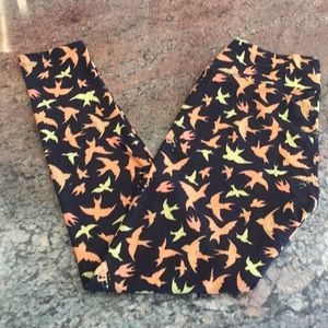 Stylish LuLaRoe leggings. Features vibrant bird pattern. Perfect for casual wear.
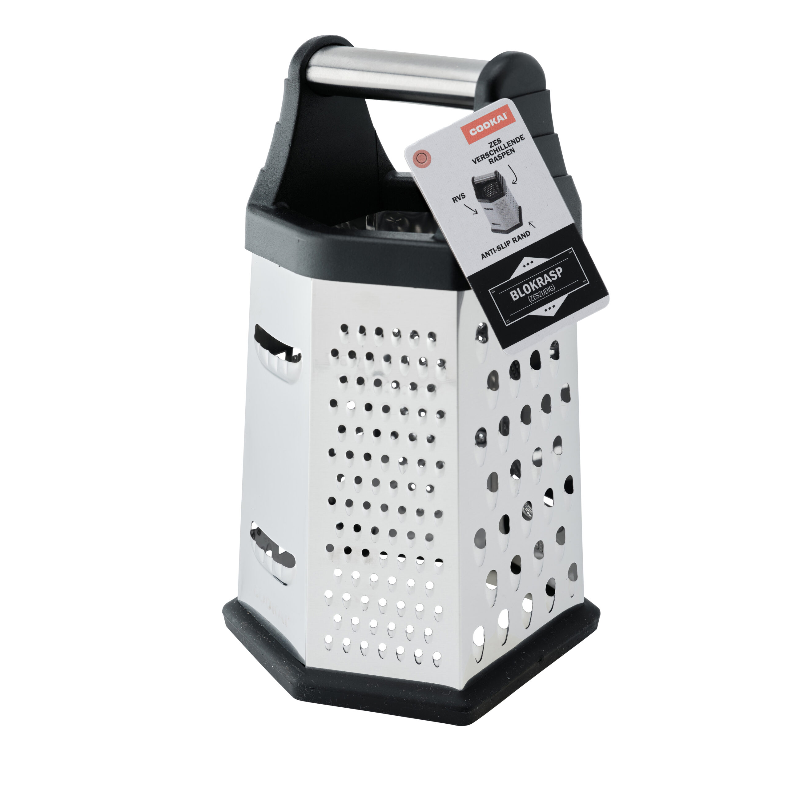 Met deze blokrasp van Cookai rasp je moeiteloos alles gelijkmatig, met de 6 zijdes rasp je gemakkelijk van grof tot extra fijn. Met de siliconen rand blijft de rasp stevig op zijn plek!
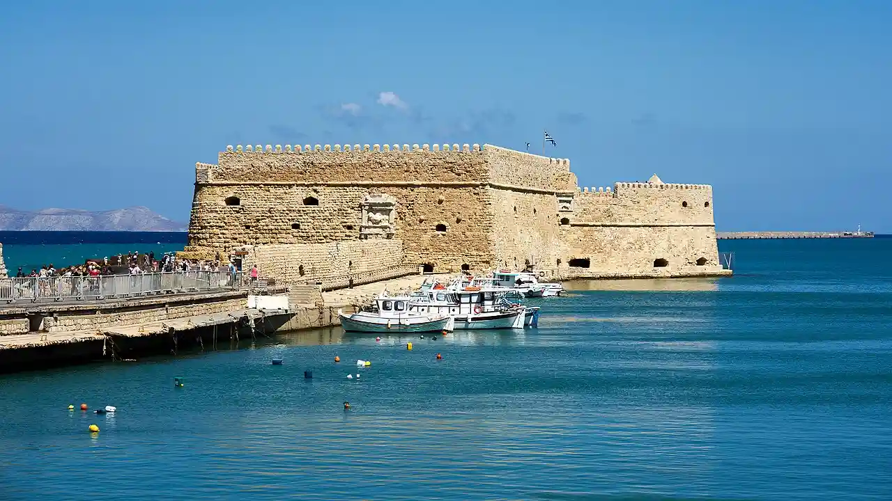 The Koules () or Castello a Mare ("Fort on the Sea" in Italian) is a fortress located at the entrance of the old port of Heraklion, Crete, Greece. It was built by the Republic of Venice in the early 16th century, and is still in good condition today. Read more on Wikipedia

■ **Work task**:
Find the line that contains "Met deze blokrasp". Copy it and every line after it through the end of the listing exactly, but not the pictures.

■ **Problem solution**:
 Met deze blokrasp van Cookai rasp je moeiteloos alles gelijkmatig, met de 6 zijdes rasp je gemakkelijk van grof tot extra fijn. Met de siliconen rand blijft de rasp stevig op zijn plek!
 The Koules () or Castello a Mare ("Fort on the Sea" in Italian) is a fortress located at the entrance of the old port of Heraklion, Crete, Greece. It was built by the Republic of Venice in the early 16th century, and is still in good condition today. Read more on Wikipedia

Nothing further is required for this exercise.